Early stage of proof of concept (PoC)

  • Setup and structure code bases that support an interactive ML experimentation process, as well as quick initial deployments
  • Develop and maintain toolsets and processes for ensuring the reproducibility of results
  • Code reviews with other technical team members at various stages of the PoC
  • Develop, extend, adopt a reliable, colab-like environment for ML

Late PoC

This is early to mid-stage of AI product development

  • Develop ETL pipelines. These can also be shared and/or owned by data engineers
  • Setup and maintain feature stores, databases, and data catalogs. Ensuring data veracity and lineage of on-demand pulls
  • Develop and support model health metrics

Post PoC

Responsibilities during production deployment

  • Develop and support A/B testing. Setup continuous integration and development (CI/CD) processes and pipelines for models
  • Develop and support continuous model monitoring
  • Define and publish service-level agreements (SLAs) for model serving. Such agreements include model latency, throughput, and reliability
  • L1/L2/L3 support for model debugging
  • Develop and support model serving environments
  • Model compression and distillation

We realize this list is broad and extensive. While the ideal candidate has some exposure to each of these topics, we also envision great candidates being experts at some subset. If either of those cases happens to be you, please apply.


Master’s degree or above in a STEM field. Several years of experience getting their hands dirty applying their craft.


  • Expert level Python programmer
  • Hands-on experience with Python libraries
    • Popular neural network libraries
    • Popular data science libraries (Pandas, numpy)
  • Knowledge of systems-level programming. Under the hood knowledge of C or C++
  • Experience and knowledge of various tools that fit into the model building pipeline. There are several – you should be able to speak to the pluses and minuses of a variety of tools given some challenge within the ML development pipeline
  • Database concepts; SQL
  • Experience with cloud platforms is a plus

ML Scientist


As an ML Scientist at Wadhwani AI, you will be responsible for building robust machine learning solutions to problems of societal importance, usually under the guidance of senior ML scientists. You will participate in translating a problem in the social sector to a well-defined AI problem, in the development and execution of algorithms and solutions to the problem, in the successful and scaled deployment of the AI solution, and in defining appropriate metrics to evaluate the effectiveness of the deployed solution.

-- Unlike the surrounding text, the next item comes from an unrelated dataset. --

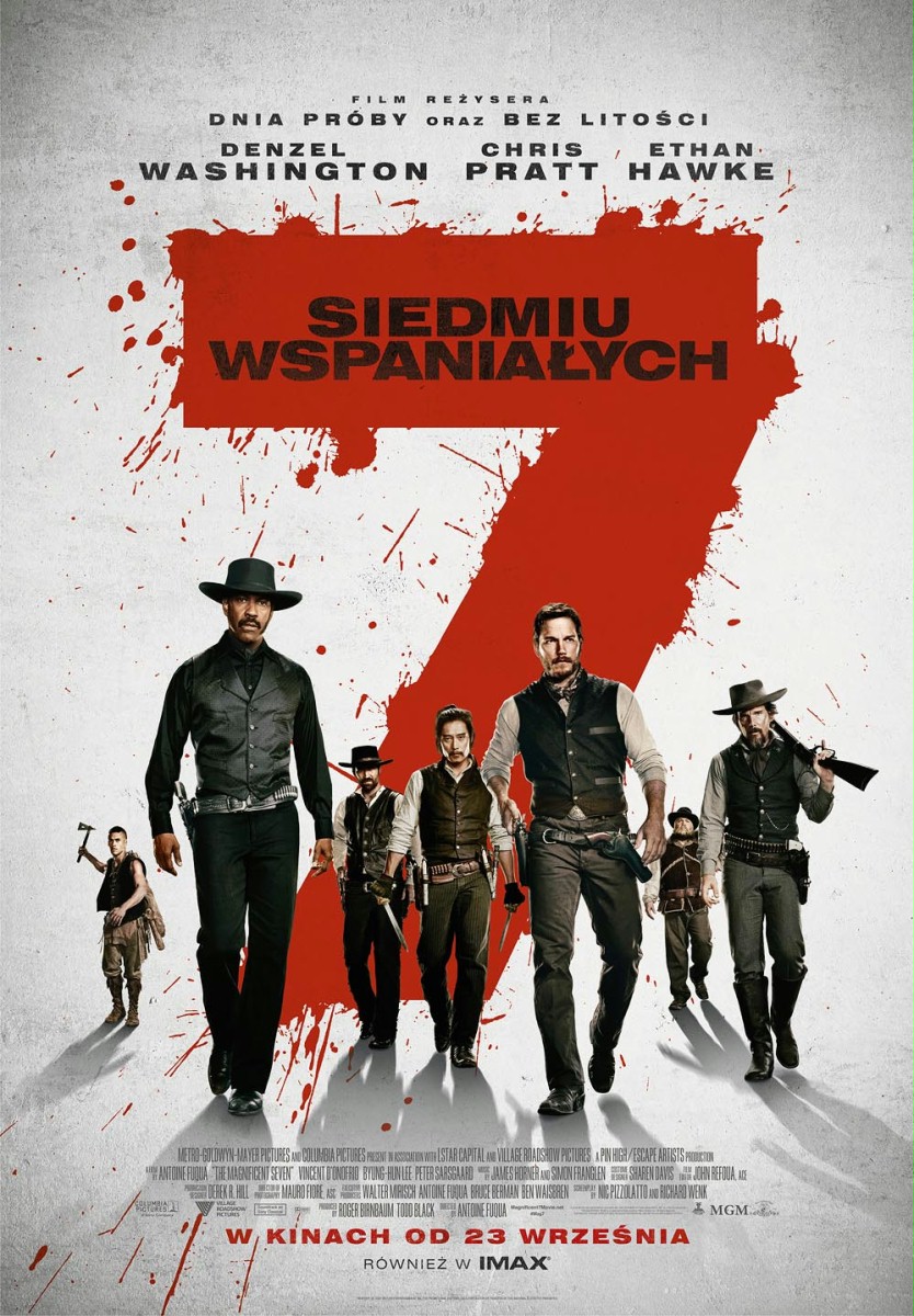 Armia bandytów terroryzuje małą wioskę na pograniczu amerykańsko-meksykańskim. Zrozpaczeni farmerzy zwracają się z prośbą o pomoc do grupy rewolwerowców. Siedmiu najemników postanawia stawić czoło przeważającym siłom przeciwnika, choć wydają się nie mieć szans. Remake legendarnego westernu „Siedmiu wspaniałych”. Film wyreżyserował Antoine Fuqua, twórca takich filmów jak „Dzień próby”, „Bez litości” czy „Do utraty sił”. W obsadzie znalazł się Chris Pratt („Strażnicy galaktyki”, „Jurassic World”), który jest najnowszym objawieniem kina akcji. Partnerują mu m.in. Denzel Washington („Bez litości”) oraz Ethan Hawke („Dzień próby”, „Boyhood”).

In order to apply machine learning for social good, you will need to understand user challenges and their context, curate and transform data, train and validate models, run simulations, and broadly derive insights from data. In doing so, you will work in cross-functional teams spanning ML modeling, engineering, product, and domain experts. You will also interface with social sector organizations as appropriate.  


Associate ML scientists will have a strong academic background in a quantitative field (see below) at the Bachelor’s or Master’s level, with project experience in applied machine learning. They will possess demonstrable skills in coding, data mining and analysis, and building and implementing ML or statistical models. Where needed, they will have to learn and adapt to the requirements imposed by real-life, scaled deployments. 

Candidates should have excellent communication skills and a willingness to adapt to the challenges of doing applied work for social good. 


  • B.Tech./B.E./B.S./M.Tech./M.E./M.S./M.Sc. or equivalent in Computer Science, Electrical Engineering, Statistics, Applied Mathematics, Physics, Economics, or a relevant quantitative field. Work experience beyond the terminal degree will determine the appropriate seniority level.
  • Solid software engineering skills across one or multiple languages including Python, C++, Java.
  • Interest in applying software engineering practices to ML projects.
  • Track record of project work in applied machine learning. Experience in applying AI models to concrete real-world problems is a plus.
  • Strong verbal and written communication skills in English.